Examination of Witnesses (Questions 100
- 105)
THURSDAY 22 MARCH 2001
MR PAUL
BALEN, MS
ROSE IRWIN,
MISS BRENDA
LIVSEY AND
MS MAXINE
HEASMAN
100. I am sorry, I thought you said in your
earlier evidence that your operation was for remedial purposes?
(Ms Livsey) It was, yes.
101. I suppose it could be cosmetic. Could you
in theory have had that operation if you had wished to at the
time on the National Health Service?
(Ms Livsey) To tell you the truth, before I left for
the US I did not even know that they existed.
102. When you came back could you have had that
operation in theory on the NHS?
(Ms Livsey) No.
(Ms Irwin) I think there was a time, if I might just
come in on this, when if a patient could go and see a psychiatrist,
if they were a psychiatric patient, and the psychiatrist said
it would behove them to have the operation they could but, I mean,
who wants to actually go and see a psychiatrist. Then when the
people wanted them removed, back to the psychiatrist and so on.
This is very embarrassing. The psychiatrist would condone this
and say "Yes, she does". Some would and some would not.
I think that was what tended to happen then if it was to be done
on the National Health, a psychiatrist came into the picture very
often.
(Ms Livsey) I did not feel justified to approach the
NHS.
103. I was wondering as a matter of fact whether
the operation could have been carried out on the National Health
Service?
(Ms Livsey) I do not think my doctor would have agreed
anyway.
Dr Stoate
104. Just briefly for information, Chairman.

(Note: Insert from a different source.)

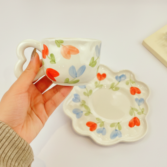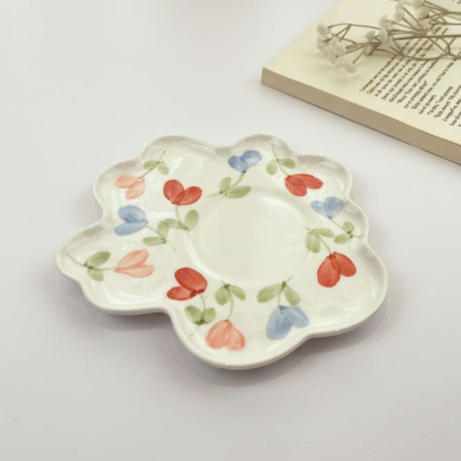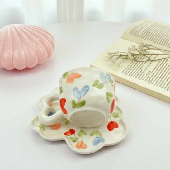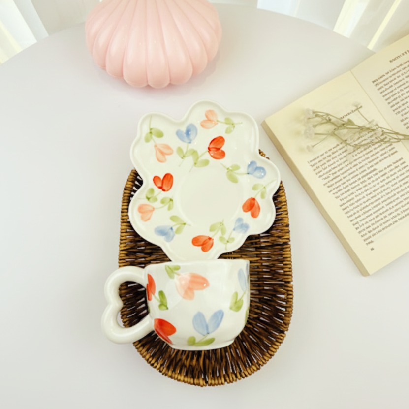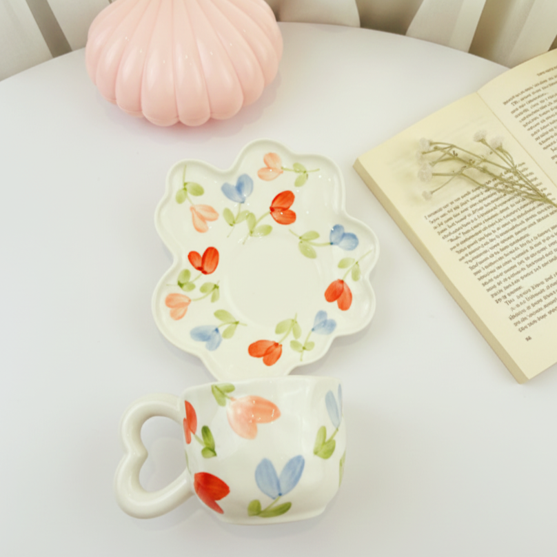 مج لطيف بالطبق مرسوم عليه ورق شجر على شكل قلب بألوان مبهجة وجميلة مناسب لمشروبك المفضل ويمكن استخدام الطبق ك كوستر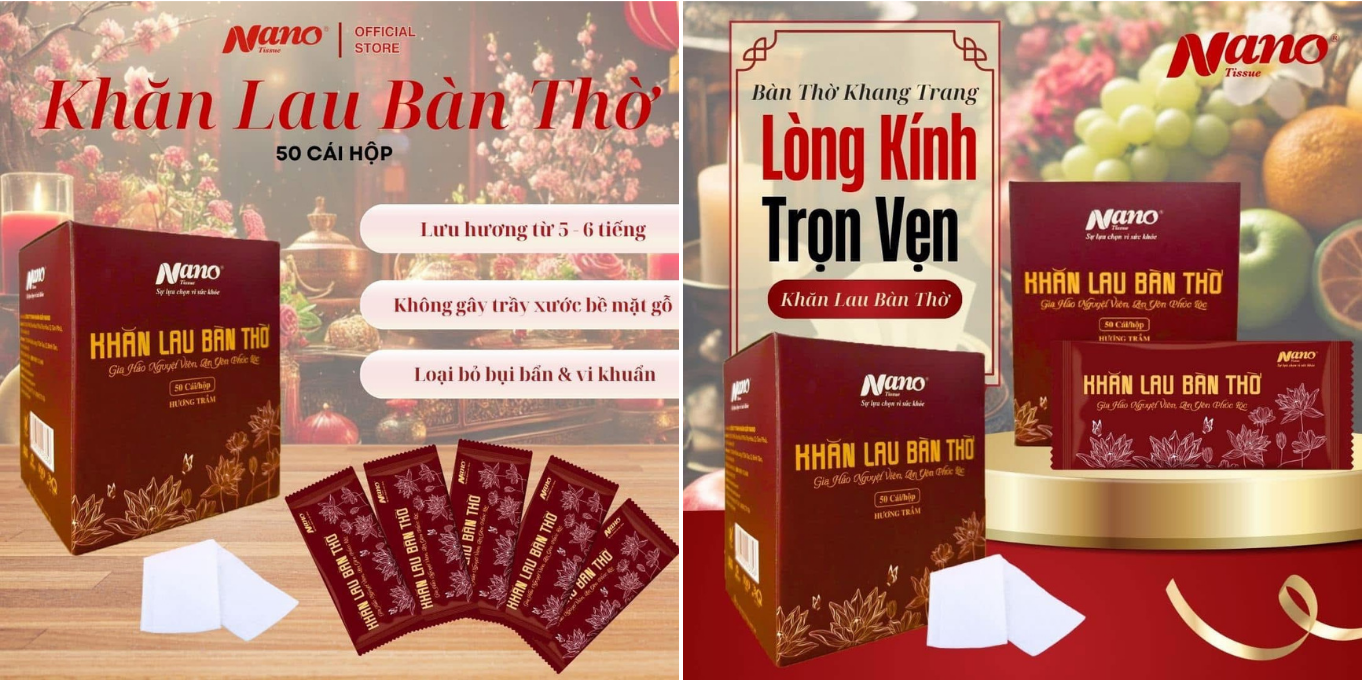 Trong đời sống văn hóa người Việt, bàn thờ là không gian linh thiêng, thể hiện đạo lý “uống nước nhớ nguồn”. Vì vậy, việc lau dọn bàn thờ, nhất là dịp Tết, luôn được thực hiện cẩn trọng và thành kính. Khăn lau bàn thờ Nano Tissue – Hương trầm ra đời như giải pháp tinh tế, giúp vệ sinh sạch sẽ, nhẹ nhàng mà vẫn giữ trọn sự trang nghiêm.

The NHS does pay for breast reductions in certain situations.
In terms of breast reconstruction, it will pay if there has been
destructive surgery, radiotherapy, it will pay then. It will also
pay if there are congenital defects, if somebody, for example,
is born with the absence of one breast, the NHS will cover that.
The NHS has always covered a certain amount of it but only for
medical reasons. It does not need a psychiatrist, the GP is able
to refer people to plastic surgeons for those reasons. If it is
deemed cosmetic the NHS does not pay.
(Ms Livsey) It does.
(Ms Heasman) It depends where you live. I know this
for a fact, it does not matter what your circumstances are, it
is where you live and whether that area health authority will.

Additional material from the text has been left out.